4. The parameter must not be a reference type. References to host memory are meaningless on the device. Kernel parameters are already copied to the device by the CUDA runtime. A reference would dangle because it would point into host address space. Even a reference to device memory is not valid here -- __grid_constant__ parameters must be values, not indirections.

SM_70+ Requirement Rationale

The compute_70 (Volta) minimum exists because Volta significantly rearchitected the constant memory subsystem. Pre-Volta GPUs (Maxwell, Pascal) have a more restricted constant memory subsystem with a fixed 64 KB window per kernel. Volta introduced:

Larger effective constant memory through improved caching
Per-thread-block constant buffer indexing
Hardware support for grid-wide parameter broadcasting with the new parameter cache architecture

The compiler lowers __grid_constant__ parameters to ld.const (constant-space load) PTX instructions, which rely on the Volta constant memory architecture to function correctly. On pre-Volta hardware, the constant memory hardware cannot serve this use case.

Where Validation Happens

The __grid_constant__ validation logic is spread across multiple compilation phases because the checks require different kinds of information. The type-level checks (const, reference) can be performed as soon as the attribute is applied. The context check (must be on a __global__ parameter) requires the function's execution space to be resolved. The redeclaration checks require both the old and new declarations to be available.

Phase 1: Attribute Application

Checks 1 (const), 2 (reference), and 4 (architecture) execute during attribute application, when the __grid_constant__ attribute handler runs. This handler is registered in EDG's attribute descriptor table under the kind byte for __grid_constant__. It receives the attribute node, the entity node, and the target kind. The handler inspects the parameter's type node to verify const-qualification and absence of reference semantics, and checks dword_126E4A8 against the threshold value 70.

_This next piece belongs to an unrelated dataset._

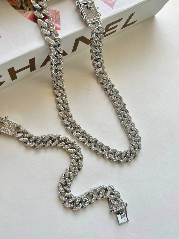 طول گردنبند ۴۵سانت وطول دستبند ۱۹سانت میباشد ، قفل کوبایی ومسترهست.
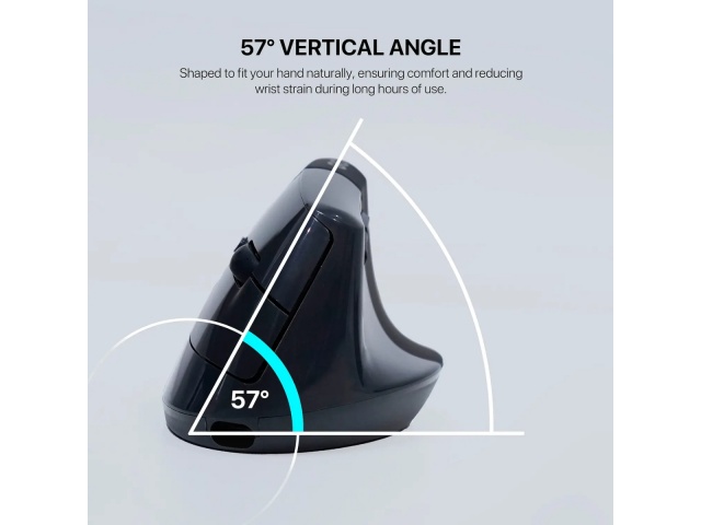 - Diseño vertical ergonómico con ángulo de 57°, que reduce la tensión en la muñeca y mejora la postura natural de la mano

Phase 2: Post-Declaration Validation

Check 3 (must be on __global__ parameter) executes in nv_validate_cuda_attributes (sub_6BC890). This function runs after all attributes on a declaration have been applied and resolved. It walks the function's parameter list and checks whether any parameter carries the __grid_constant__ flag (param+32 bit 1) on a non-__global__ function.

Phase 3: Redeclaration/Template Merging

Checks 5--8 (consistency across redeclarations, template redeclarations, specializations, and explicit instantiations) execute during the declaration merging passes in class_decl.c, decls.c, and template.c. These passes compare the entity+164 bit 2 flag on corresponding parameters of the old and new declarations.

Validation Check 1: const-Qualified Type

Property	Value
Tag	`grid_constant_not_const` (at `0x848146`)
Message	`a parameter annotated with __grid_constant__ must have const-qualified type` (at `0x88d8b0`)
Severity	error
Phase	Attribute application

The parameter's type must carry the const qualifier. The check peels through the type chain, following cv-qualifier wrapper nodes (kind == 12) to reach the underlying type, then verifies the const flag is present.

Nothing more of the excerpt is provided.